The clearest fleet pipeline in production use turns raw call transcripts into a linked knowledge base. The full result is described in Calls into a knowledge base; here is the same pipeline seen as fleet roles.

Krisp API
   │  cron: executor: code role (ingest)
   ▼
transcripts/<date>_<slug>.md    raw transcript, verbatim, never edited
   │  change webhook on transcripts/** → segmentation role
   ▼
segments/<id>.md                topic map with time ranges
   │  change webhook on segments/** → extraction role
   ▼
calls/, concepts/, log/, daily/  the knowledge base assembles itself

Each stage is one role note:

Ingest is a code role on a cron schedule. It pulls new calls from the Krisp API and writes raw transcript notes. This is the only source-specific stage: swap the script and the same downstream pipeline processes YouTube captions or meeting bot output instead.
Segmentation is an LLM role triggered by transcripts/**. It reads the transcript from the delivery payload and writes a coarse topic map with time ranges.
Extraction is an LLM role triggered by segments/**. It writes the call note, mints or appends concept notes, adds action checkboxes to the daily note, and appends to topic logs. Every claim quotes the transcript segment verbatim, so facts trace to the source.

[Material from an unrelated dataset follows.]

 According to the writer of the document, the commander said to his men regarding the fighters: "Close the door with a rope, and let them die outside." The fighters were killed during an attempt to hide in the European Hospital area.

Nobody invokes anything. A transcript lands and the change-webhook cascade does the rest; max_depth bounds the chain and nothing triggers on the output folders, so it terminates. Cost sits around $0.15 in model calls for a 50-minute call. The pipeline lives at github.com/trip2g/krisp_knowledge.

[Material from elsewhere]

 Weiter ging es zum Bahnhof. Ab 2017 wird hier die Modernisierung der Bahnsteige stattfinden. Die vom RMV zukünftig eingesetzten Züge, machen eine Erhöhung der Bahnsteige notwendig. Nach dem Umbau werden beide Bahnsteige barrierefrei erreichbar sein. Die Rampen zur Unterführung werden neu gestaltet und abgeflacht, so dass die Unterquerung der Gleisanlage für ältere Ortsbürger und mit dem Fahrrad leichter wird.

The pattern generalizes: an ingest code role per source, plus source-agnostic LLM roles chained by change webhooks. That is fleet's shape for any "raw input in, structured knowledge out" problem.

Running fleet

Fleet ships in the trip2g repo as a standalone binary:

go build -o fleet ./cmd/fleet

./fleet \
  --trip2g-url https://your-hub.example \
  --callback-url http://fleet-host:9090 \
  --jwt-secret  "<hub user-token secret>" \
  --fleet-secret "<any random seed>" \
  --llm-base-url https://openrouter.ai/api/v1 \
  --llm-api-key  "<key>" \
  --agents-folder roles/ \
  --allowed-programs python,bash

Every flag has a TRIP2G_FLEET_<FLAG> environment variable equivalent. The --jwt-secret is the hub's user-token secret: fleet uses it to self-provision an admin identity, so no manual API-key ceremony. --llm-base-url takes any OpenAI-compatible endpoint, including a local model.

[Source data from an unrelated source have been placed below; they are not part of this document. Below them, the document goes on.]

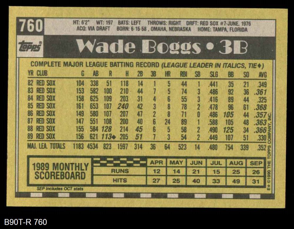 1990 Topps #760 Wade Boggs 8 - NM/MT
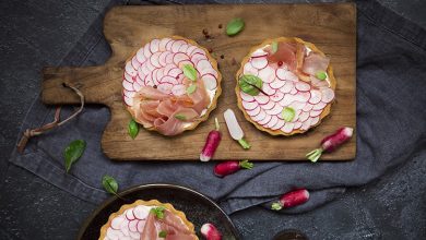 Duo de thon et fraises Gariguette en carpaccio, wakamé et houmous de pois chiche
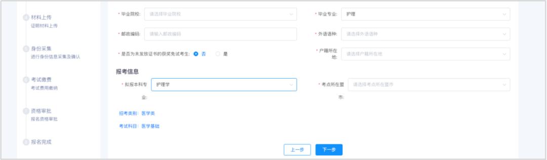 统一考试考生(应届毕业生、高职扩招考生、专项计划考生、“三支一扶”和“西部计划”考生)根据专科专业选择拟报本科专业,系统自动显示对应招考类别及专业课考试科目(拟报本科专业仅用于确定专业基础课考试科目),免试考生不显示专业基础课考试科目。

Two switches make roles cheap to develop:

--dry-run discovers and validates every role, prints the resolved config, and exits without registering anything.
--once role.md --vault ./my-vault runs a single role against a local folder with no hub and no webhooks: edit, run, inspect the output files, repeat.

Start with one role, a cheap model, and tight write_patterns. Widen from there once the runs look right.